Three former Honolulu officials charged with engaging in a conspiracy had hoped a judge would determine their fates but will instead face a jury of their peers sometime this fall, U.S. District Court Judge Leslie Kobayashi said Thursday.

Former city attorney Donna Leong, former police commission chairman Max Sword and former managing director Roy Amemiya, who all appeared in the Honolulu court on Thursday, pleaded not guilty earlier this year.

Federal prosecutors say the trio coordinated to deliver a $250,000 retirement package to the now-imprisoned police chief Louis Kealoha in 2017.

Former HPD Police Commissioner Max Sword leaves District Court.
Former police commission chairman Max Sword, left, appeared in court on a conspiracy charge. Thomas Otake, right, represents one of Sword’s co-defendants, former city counsel Donna Leong. Cory Lum/Civil Beat/2022

At the time, Kealoha was under federal investigation for corruption, and prosecutors allege the defendants worked to circumvent a required Honolulu City Council vote.
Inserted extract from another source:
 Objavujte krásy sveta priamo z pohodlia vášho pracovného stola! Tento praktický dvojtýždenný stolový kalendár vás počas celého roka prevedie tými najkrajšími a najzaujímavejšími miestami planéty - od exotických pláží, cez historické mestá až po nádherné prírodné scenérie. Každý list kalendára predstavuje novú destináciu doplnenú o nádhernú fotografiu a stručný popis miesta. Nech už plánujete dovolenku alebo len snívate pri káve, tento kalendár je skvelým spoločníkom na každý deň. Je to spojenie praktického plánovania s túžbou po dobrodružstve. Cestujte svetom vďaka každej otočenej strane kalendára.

Last month, the defendants requested a bench trial, which would have left the verdict up to Kobayashi. Legal experts say bench trials are generally preferred by defendants who don’t believe they can win over a jury.

But federal rules require that for a bench trial to proceed, prosecutors must agree. And the prosecution in this case denied the request, according to a filing from San Diego Assistant U.S. Attorney Colin McDonald this week.
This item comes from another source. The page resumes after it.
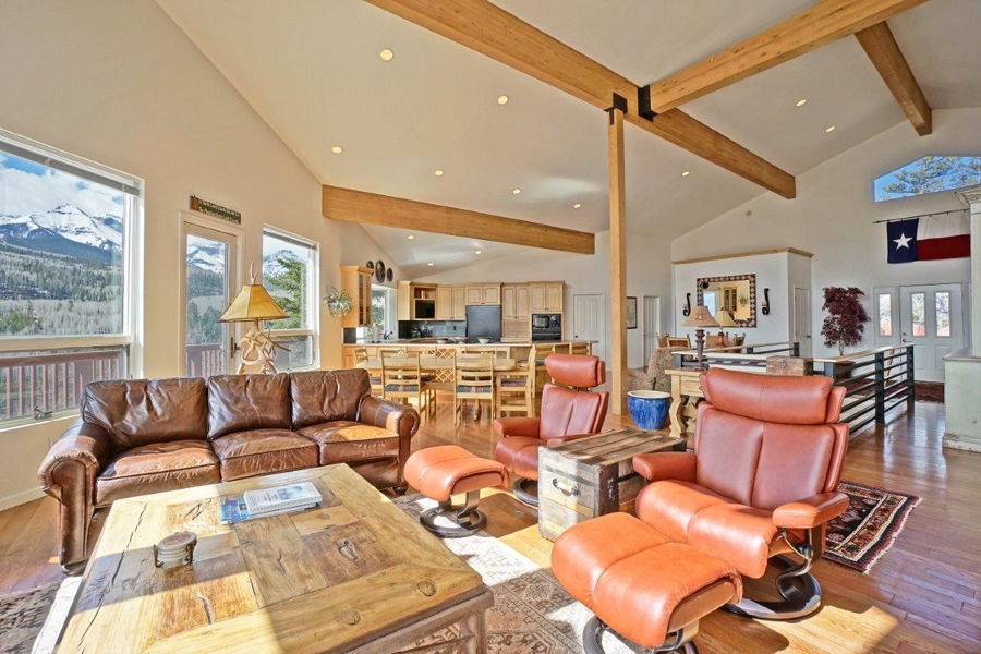 Designed to capture the essence of mountain living, every aspect of this home is crafted to maximize the breathtaking views of the surrounding San Juan and Cimarron Mountains. The exquisite great rooms are adorned with a fireplace upstairs and woodburner downstairs and offer direct access to rich new Trex decks  overlooking the San Juans. There are luxurious bedrooms with elegant en-suite baths-one with steam. Every detail of this mountain home exudes sophistication and comfort.

“As with every case, the United States expects the defendants will receive an impartial trial by jury, which is their constitutional guarantee,” he wrote.
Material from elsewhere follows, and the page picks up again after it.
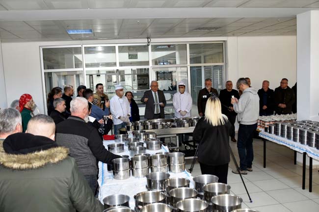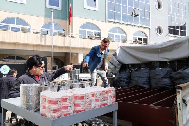 Neden sefer taslarıyla evlere yemek gönderiyoruz. Hep anlatırım, geçmişte de anlattım. Zaman zaman aileleri ziyaret ediyorum. Potbaşında bir dere kenarında hiç unutmuyorum bir aileyi ziyaret ettim. Dere kenarında bir eve girdim. Kadının 3 tane çocuğu var, yerde kilimi dahi yok. Çok garibanlar. Onlara dedim ki, bu yemekleri böyle evlere getirmek mi doğru yoksa bir çadır kursam şehir merkezinde oraya siz gelseniz dedim. ‘Napıyon başkan dedi. 3 çocuk birde ben yol parası giderken gelirken vereceğiz. Zaten o para olsa biz evde peynir zeytin yeriz’ dedi. O zamandan beri ihtiyaç sahibi insanların ayaklarına gitmemiz gerektiğine inandığım için 26 senedir evlere sıcak aş ulaştırmaya devam ediyoruz. 4 araç, mutfak personeli ve dağıtım ekibi olarak 40 kişilik bir ekip kurduk.

At the court appearance on Thursday, defense attorneys acknowledged that their bench trial request is now moot.

A trial had been scheduled for June 13 but will instead take place in October, if not later, after the parties agreed to a continuance.

Kobayashi instructed the attorneys to come up with deadlines for motions, come to the court with any discovery-related issues and to estimate how many days they will need to present their case.

Lynn Panagakos, Leong’s attorney, said she has had difficulty obtaining some records from the government because the government alleges they are “privileged.” She said pre-trial disclosure is required under Brady v. Maryland, a Supreme Court case that requires prosecutors to disclose information that points to a defendant’s innocence.

“These documents are the highest priority to our defense,” she told the court. “They’re resisting more so than they should be under the circumstances.”

Kobayashi asked the attorneys to submit letters to the court arguing their positions on the document dispute.

In court, Panagakos didn’t specify what those documents are. She declined to comment outside the courthouse and did not respond to a phone message.

The federal corruption investigation that led to the indictment of Leong, Sword and Amemiya is ongoing.

Hawaii News Now reported the grand jury convened by the San Diego prosecutors heard from Gary Kurokawa, former Mayor Kirk Caldwell’s chief of staff, last week. Caldwell, who had been actively campaigning for governor, dropped out of the race the day before Kurokawa’s testimony.